As part of our financial disclosure, we report revenue from our custom development projects business area, and we occasionally make implicit or explicit reference to the underlying project pipeline as an indicator to measure operational performance. This includes the number of projects in clinical development in total or in categories. Our project count for a given period has been measured based on the initiation of a project, e.g. formal signatures or acceptance of a purchase order. Projects with parallel activities at more than one site, or which are transferred from one site to another, or which included multiple peptides are counted as one project. The synthesis or one-time manufacturing of small quantities of peptides, mostly for research or academic use, is not considered as a project.

Our reference to

• pre-clinical projects includes non-GMP manufacturing for the lead candidate selection, and subsequent non-GMP manufacture of the selected API for pre-clinical and toxicological studies;
• phase I, phase II and phase III projects includes GMP manufacturing of the API for phase I, phase II and phase III clinical trials, including analytical method validation, stability studies, process and analytical development as well as regulatory documentation.

Active custom projects include (i) projects with ongoing manufacturing activities; (ii) projects with ongoing non-manufacturing activities (development, analytical services, regulatory, stability studies); (iii) projects with open orders in the Group’s accounting system pending to be delivered; and (iv) projects that are active on the customer’s end, but not necessarily active at PolyPeptide (i.e., when the customer is conducting pre-clinical or clinical studies, formulation studies, etc.).
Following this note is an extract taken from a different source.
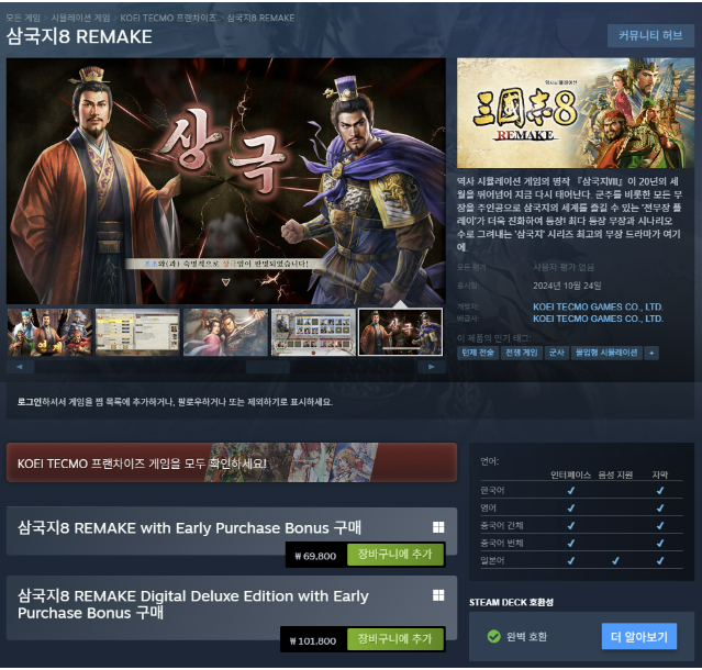 #삼국지8 #리메이크 #게임정보 #코에이테크모 #전략게임 #출시일 #게임사양 #플랫폼

Reference to “peptides” is to a chemical entity (CE) with a unique amino acid sequence regardless of production site or manufacturing process. A “pipeline peptide” is a new chemical entity (NCE) in pre-clinical or clinical phase of development and a “commercial peptide” is a NCE commercially approved on the market.

A “commercial project” relates to the manufacturing of commercial peptide. This includes therapeutic API or intermediates with regulatory approval, both for the innovator or for a generic drug manufacturer. A commercial project may also include material for diagnostic, cosmetic or veterinary purposes.

References to “Development revenue” and “Commercial revenue” are based on the business area definitions set out in note 3 "Revenue and expenses" of the consolidated financial statements in the Financial Report 2025.